Copy each record exactly as it reads, leaving out any pictures it holds.

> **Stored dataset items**
____________
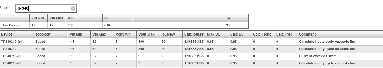 So I tried with webench tool, and it says that TPS40210 isn't suitable for my application: "Design cannot be created with this device. Please press OK and select a different device from the list Or click below to show why parts were not found."
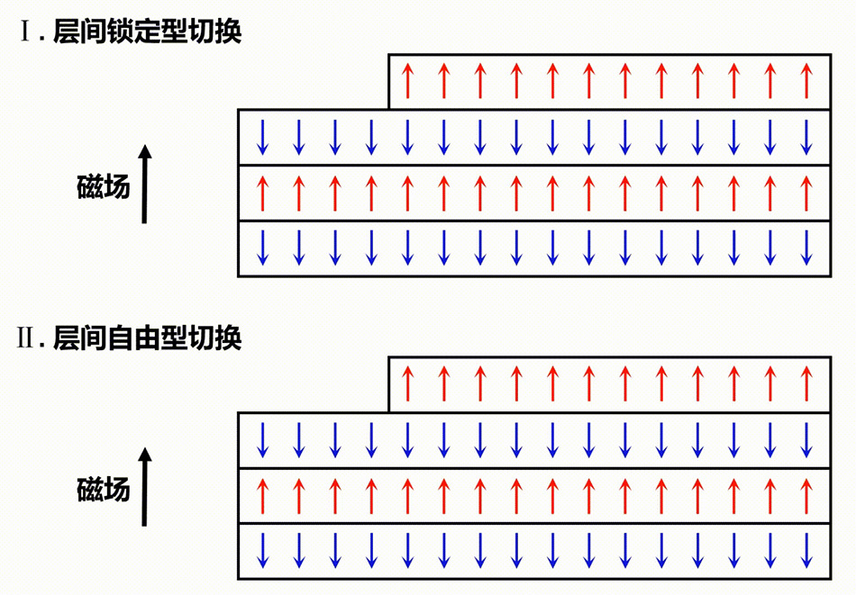 團隊提出了“層共享效應(yīng)”,博士生王占山解釋,其如同“多米諾骨牌”現(xiàn)象,隨后材料中極強的層內(nèi)交換作用驅(qū)動著后續(xù)的橫向疇壁傳播,最終觸發(fā)偶數(shù)層區(qū)域的集體翻轉(zhuǎn)。
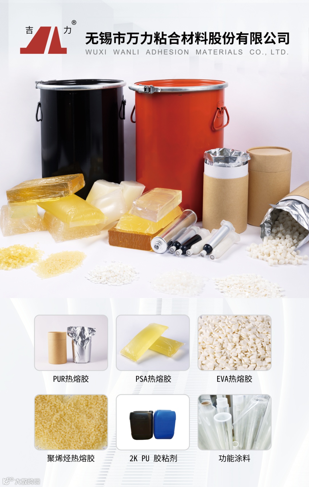 集PUR热熔胶、双组份PU胶、EVA热熔胶、热熔压敏胶、聚烯烃热熔胶、功能涂料等多元产品。产品广泛用于家居建材、纺织面料、汽车制造、家电电子、书刊装订、包装(纸箱封箱,彩盒封盒),纸塑复合、胶纸胶带、商标标贴、鞋材、空气滤芯器、医疗用品、卫材等行业。
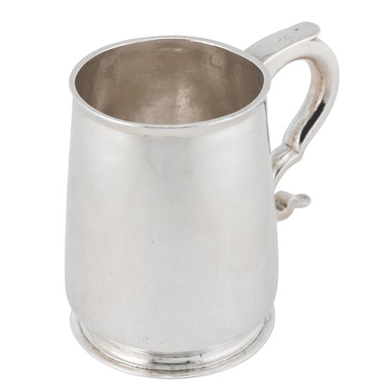 Cann with center punch on underside of base, body with slightly bulbous sides tapering upward to everted lip, on circular molded footring, S-scroll handle with furl, double drop at upper juncture with body, and oval plate at lower juncture. Inscription: Engraved on the underside of the base: "M.V.C"; Later inscription: "Married/Peter Jay/Jan.20 1728". Mark: Struck on body near lip to left of handle, conjoined: "HB" in circular enclosure.
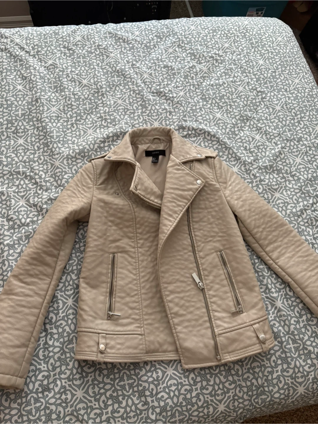 Buy & SellForever 21 Beige Moto Jacket - Size SForever 21 Beige Moto Jacket - Size S$9Selling a Forever 21 moto jacket in a lovely beige colour! It's a size small and in great condition. Perfect for adding a bit of edge to any outfitConditionLike newBrandForever 21WHERE TO MEETCheck LocationView MapSELLERverifiedShielaRosenthal700 reviews0 chats·0 favorites·9 views
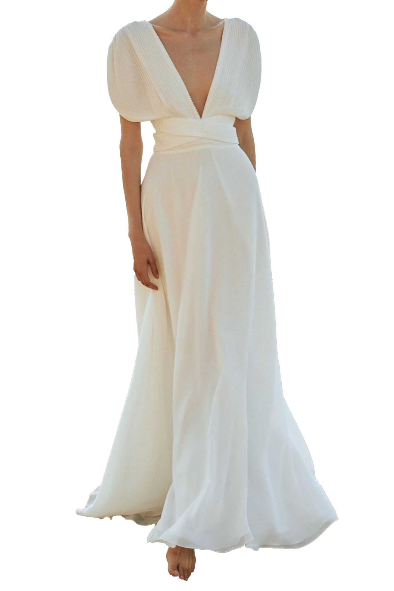 Liretta Sunrise Pleated Puff Sleeve Gown in White
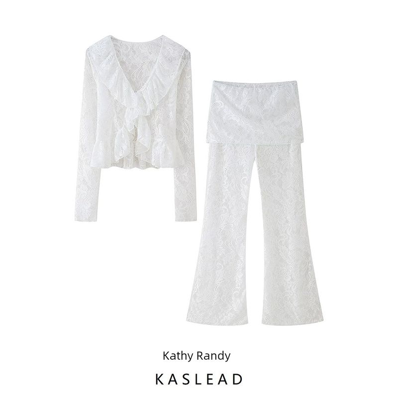 Kaslead New Arrival Women's Clothing Fashion Style Lace Cardigan Long Sleeves Tops Casual Pants Suit
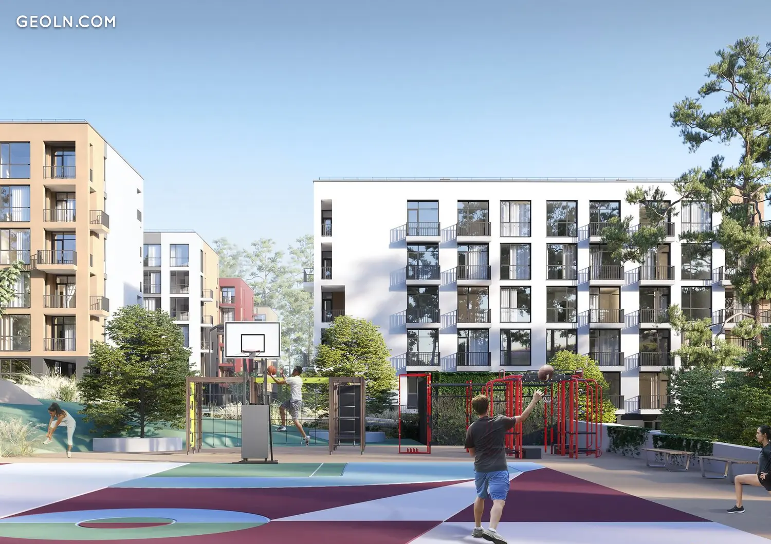 将有绿色休息区、儿童游乐场、健身区、足球、篮球和排球游乐场。公寓设有开放式阳台和节能的全景玻璃窗——因此房屋将明亮舒适。
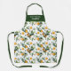 El delantal, vibrante y veraniego, presenta un patrón de flores de naranja cítrico y hojas en la paleta alegre de naranja, blanco y verde vivo, con su propio nombre y su propio papel de cocina o trabajo.  Ideal para la barbacoa al aire libre o para el almuerzo o la cena en el jardín.
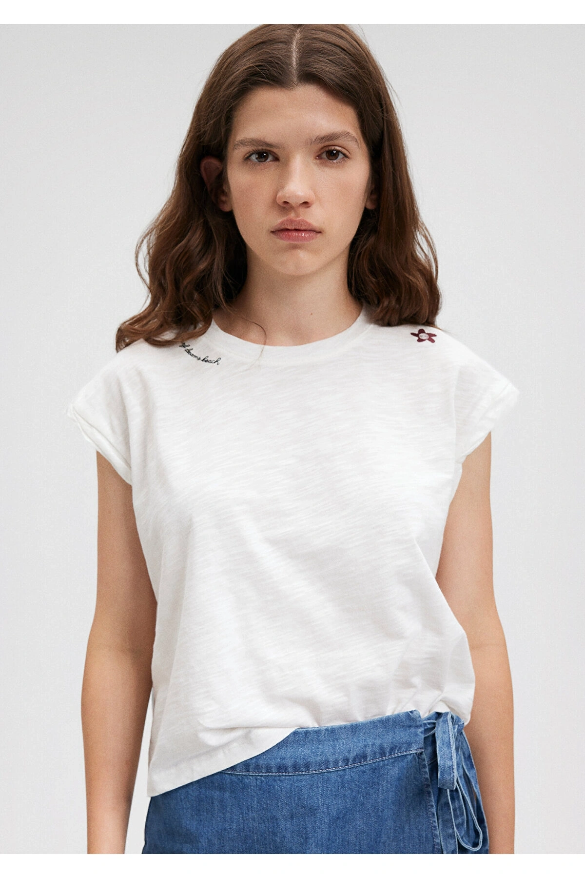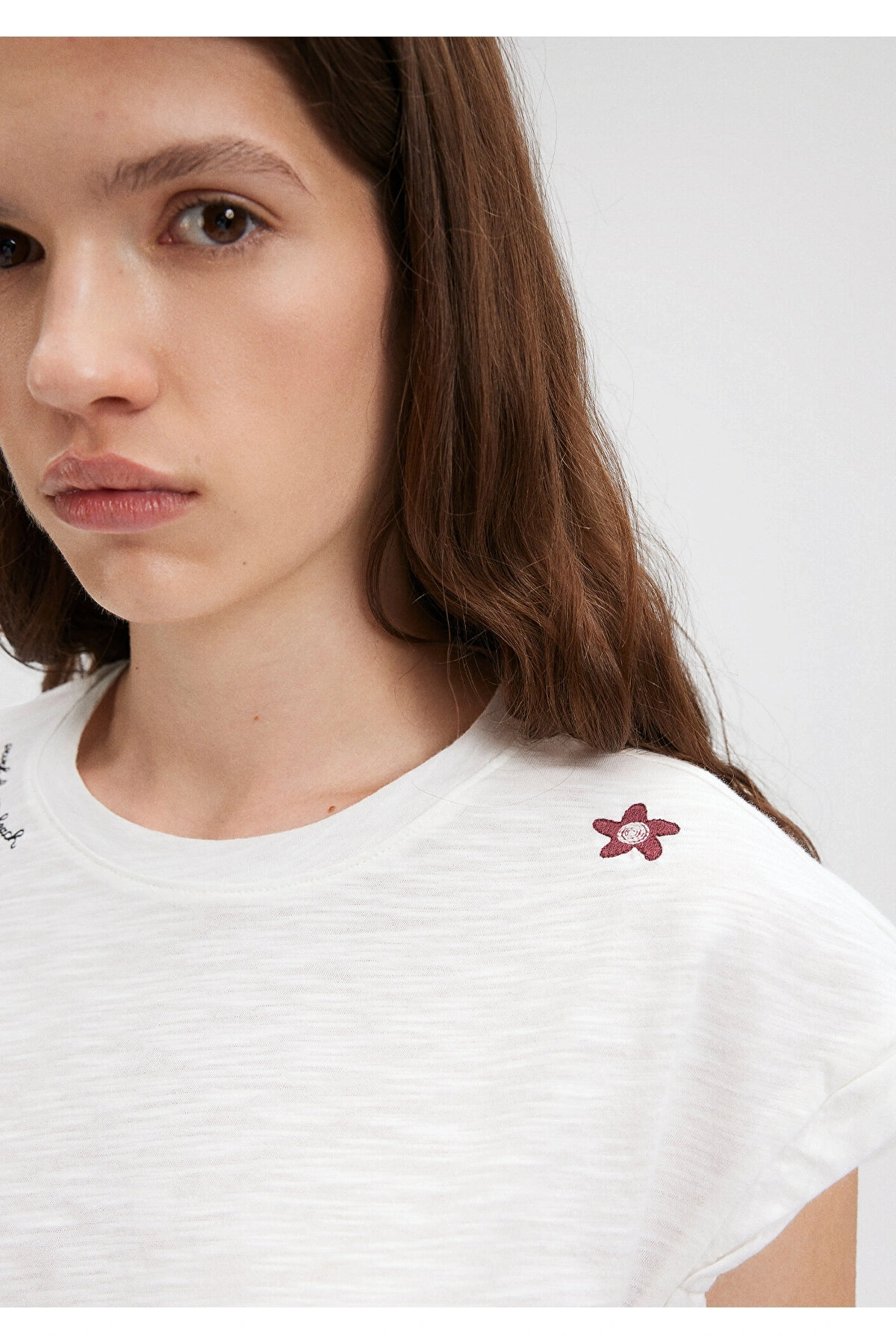 Mavi Nakış Detaylı Beyaz Tişört Loose Fit / Bol Rahat Kesim
____________
> **Your solution**
 So I tried with webench tool, and it says that TPS40210 isn't suitable for my application: "Design cannot be created with this device. Please press OK and select a different device from the list Or click below to show why parts were not found."
 團隊提出了“層共享效應(yīng)”,博士生王占山解釋,其如同“多米諾骨牌”現(xiàn)象,隨后材料中極強的層內(nèi)交換作用驅(qū)動著后續(xù)的橫向疇壁傳播,最終觸發(fā)偶數(shù)層區(qū)域的集體翻轉(zhuǎn)。
 集PUR热熔胶、双组份PU胶、EVA热熔胶、热熔压敏胶、聚烯烃热熔胶、功能涂料等多元产品。产品广泛用于家居建材、纺织面料、汽车制造、家电电子、书刊装订、包装(纸箱封箱,彩盒封盒),纸塑复合、胶纸胶带、商标标贴、鞋材、空气滤芯器、医疗用品、卫材等行业。
 Cann with center punch on underside of base, body with slightly bulbous sides tapering upward to everted lip, on circular molded footring, S-scroll handle with furl, double drop at upper juncture with body, and oval plate at lower juncture. Inscription: Engraved on the underside of the base: "M.V.C"; Later inscription: "Married/Peter Jay/Jan.20 1728". Mark: Struck on body near lip to left of handle, conjoined: "HB" in circular enclosure.
 Buy & SellForever 21 Beige Moto Jacket - Size SForever 21 Beige Moto Jacket - Size S$9Selling a Forever 21 moto jacket in a lovely beige colour! It's a size small and in great condition. Perfect for adding a bit of edge to any outfitConditionLike newBrandForever 21WHERE TO MEETCheck LocationView MapSELLERverifiedShielaRosenthal700 reviews0 chats·0 favorites·9 views
 Liretta Sunrise Pleated Puff Sleeve Gown in White
 Kaslead New Arrival Women's Clothing Fashion Style Lace Cardigan Long Sleeves Tops Casual Pants Suit
 将有绿色休息区、儿童游乐场、健身区、足球、篮球和排球游乐场。公寓设有开放式阳台和节能的全景玻璃窗——因此房屋将明亮舒适。
 El delantal, vibrante y veraniego, presenta un patrón de flores de naranja cítrico y hojas en la paleta alegre de naranja, blanco y verde vivo, con su propio nombre y su propio papel de cocina o trabajo.  Ideal para la barbacoa al aire libre o para el almuerzo o la cena en el jardín.
 Mavi Nakış Detaylı Beyaz Tişört Loose Fit / Bol Rahat Kesim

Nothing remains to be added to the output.